**Your instructions**
Repeat the records exactly, minus the pictures.

(Data records)
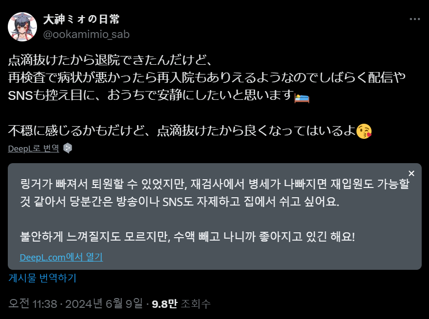 퇴원은 했지만 완전 다 좋아진건 아니라 방송은 더 쉰다고 했음
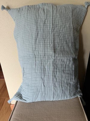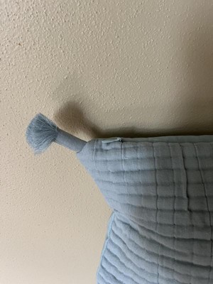 The blue on this sham is beautiful! The fabric is soft and it works perfectly with the other neutrals in my daughter's space. The tassels are a cute touch but could be a little larger. I want to get an overstuffed pillow which I think will make it look even better.
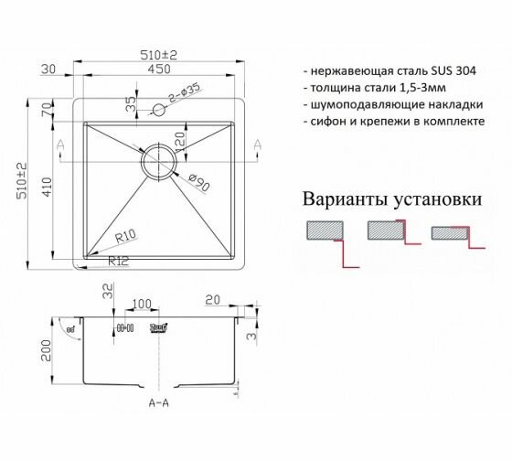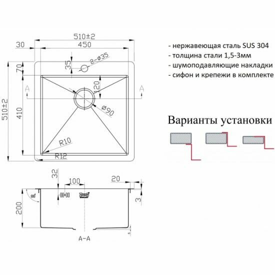 | Установка | врезная |
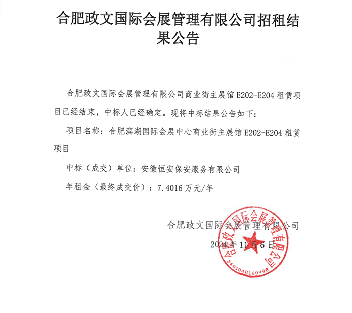 合肥政文國際會展管理有限公司招租結(jié)果公告
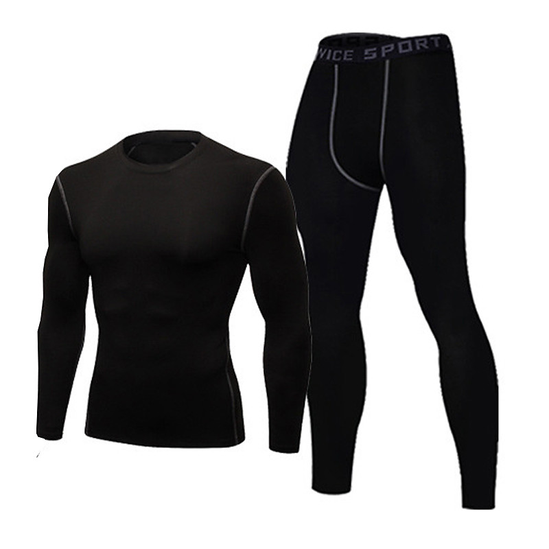 Men's Tracksuit Jogging Suit 2 Piece Solid Colored Base Layer Compression Shirt and Pants Athletic Clothing Set Spring Gray Black Black Gym Workout Jogging Running Soft Breathable Long Sleeve Sport
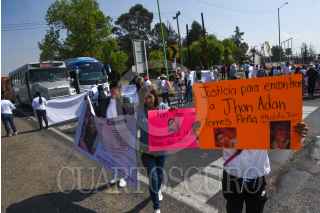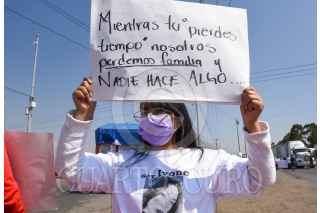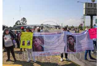 TOLUCA, ESTADO DE MÉXICO, 29ABRIL2022.- Familiares de personas desaparecidas en el Estado de México bloquearon en ambos sentidos la autopista Toluca-Atlacomulco en la caseta “El Dorado” y la carretera libre, exigiendo a las autoridades trabajen en la búsqueda de sus familiares y esclarecimiento en cada uno de sus casos, ante la falta de atención por parte de las autoridades estatales. FOTO: CRISANTA ESPINOSA AGUILAR /CUARTOSCURO.COM

**Exercise response**
 퇴원은 했지만 완전 다 좋아진건 아니라 방송은 더 쉰다고 했음
 The blue on this sham is beautiful! The fabric is soft and it works perfectly with the other neutrals in my daughter's space. The tassels are a cute touch but could be a little larger. I want to get an overstuffed pillow which I think will make it look even better.
 | Установка | врезная |
 合肥政文國際會展管理有限公司招租結(jié)果公告
 Men's Tracksuit Jogging Suit 2 Piece Solid Colored Base Layer Compression Shirt and Pants Athletic Clothing Set Spring Gray Black Black Gym Workout Jogging Running Soft Breathable Long Sleeve Sport
 TOLUCA, ESTADO DE MÉXICO, 29ABRIL2022.- Familiares de personas desaparecidas en el Estado de México bloquearon en ambos sentidos la autopista Toluca-Atlacomulco en la caseta “El Dorado” y la carretera libre, exigiendo a las autoridades trabajen en la búsqueda de sus familiares y esclarecimiento en cada uno de sus casos, ante la falta de atención por parte de las autoridades estatales. FOTO: CRISANTA ESPINOSA AGUILAR /CUARTOSCURO.COM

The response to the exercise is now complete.